Variation of High Court sentence?
[57]
As indicated in our minute of 22 August 2012, we heard further from counsel
on whether, in light of the developments to which we have referred, we should
increase the term of home detention imposed by the High Court or substitute a
sentence of imprisonment for the term of home detention. We had power to do so by
virtue of s 385(3) of the Crimes Act if we thought that a different more severe
sentence should have been passed in this case.
[58]
At the hearing on 23 August 2012, Mr Keene opposed any suggestion that the
sentence imposed by the High Court should be varied in any way. He referred to the
proviso to s 389 of the Crimes Act, which precludes this Court from increasing a
sentence by reason or in consideration of any evidence that was not given at the trial.

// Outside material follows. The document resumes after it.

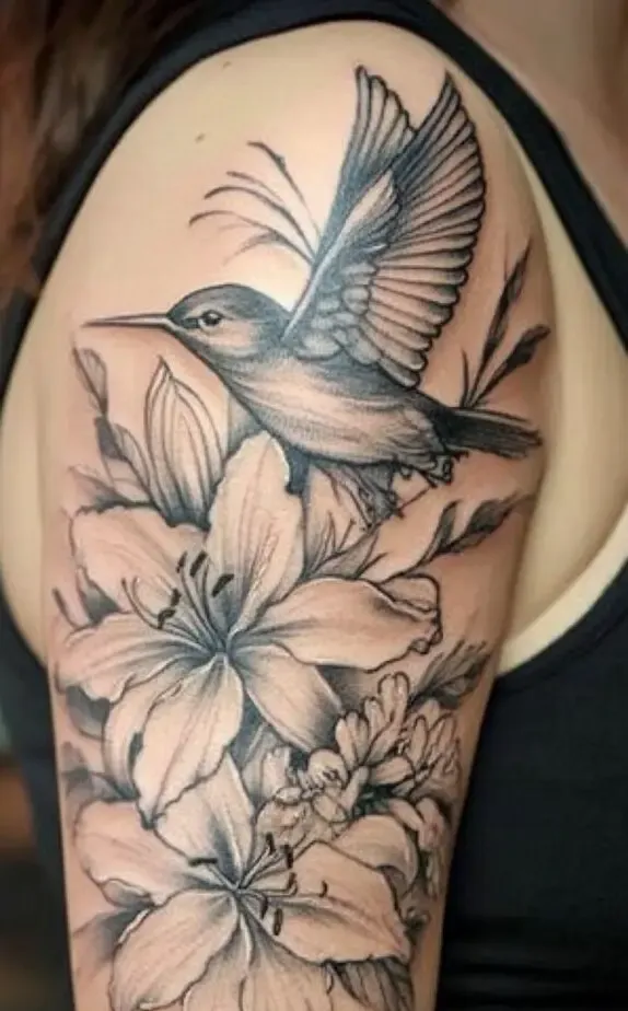 This design features a hummingbird hovering over a cluster of beautifully detailed flowers. The bird s wings are captured mid-flap, symbolizing freedom, grace, and lightness. The intricate detailing on both the hummingbird and flowers brings a lifelike quality to the tattoo, making it appear almost three-dimensional.

Instead Mr Keene asked the Court to exercise its discretion under s 399(4) of the
Crimes Act to postpone the resumption of the sentence to Wednesday
29 August 2012, being the date by which it was anticipated Mr Steigrad would be
able to return from Europe to New Zealand.
[59]
Mr Dickey did not seek an uplift in Mr Steigrad’s sentence. The Crown had
not appealed against the High Court sentence and did not consider another sentence
was necessary. The Crown did not oppose the application by Mr Steigrad for a
postponement of the resumption of sentence to enable him to return to New Zealand.
[60]
We have given consideration to increasing Mr Steigrad’s sentence on the
ground that the discount he was given for remorse was overly generous, but in view
of the submissions for the Crown, we accept that the High Court sentence should not
be varied.
[61]
In reaching this conclusion we do not overlook Mr Keene’s submission that
Mr Steigrad should have been given “a credit” for the three weeks he served on
home detention after his appeal was filed, that is from 14 June to 6 July 2012. In our
view, however, it is not appropriate to take that period into account when considering
whether to vary Mr Steigrad’s sentence.
It is an administrative matter that
Mr Steigrad may raise with the Community Probation Service and then, if necessary,
with the High Court.36
Date of resumption of sentence
[62]
When an appeal against a sentence of home detention is dismissed, s 399(4)
of the Crimes Act provides that the sentence is to be resumed from the date of
dismissal of the appeal and a person who does not then comply with the detention
conditions will be liable for prosecution for breach of s 80S of the Sentencing Act.
On the basis of the Supreme Court decision in Fenemor v R,37 we accept, as did the
parties, that the Court has a discretion to postpone the date of the resumption of the
sentence taking into account the circumstances of the particular case.
[63]
In this case we decided that we should exercise the discretion to postpone the
date of the resumption of the sentence of home detention for Mr Steigrad to enable
him to return from Europe to New Zealand by Wednesday 29 August 2012 and
thereby avoid the risk of a prosecution for an offence under s 80S of the Sentencing
Act. We decided to do so for two reasons:
(a)
it appears that Mr Steigrad may have travelled to Europe prior to the
hearing of the appeal in reliance in good faith on erroneous legal
advice which did not take into account s 399(4) of the Crimes Act,
s 80S of the Sentencing Act or the timing of delivery of decisions of
this Court in appeals against sentences of this nature; and
(b)
contrary to s 399(3) of the Crimes Act, he remained on home
detention for some three weeks after his notice of appeal against
sentence had been filed.
Result
[64]
These are the reasons for our judgment of 24 August 2012 dismissing the
appeal against sentence and ordering Mr Steigrad to report to the Community
36
37
Geoffrey G Hall Halls Sentencing (online looseleaf ed, LexisNexis) at [SA80F.2] and Case v R
[2012] NZCA 518 at [11].
Fenemor v R, above n 5.
Probation Service no later than 2 pm on Wednesday 29 August 2012 to resume his
sentence of home detention.
[65]
In order to protect the privacy of Mrs Steigrad, we make an order that neither
the High Court nor the Court of Appeal files be searched without the leave of a
Judge of this Court or a Judge of the High Court.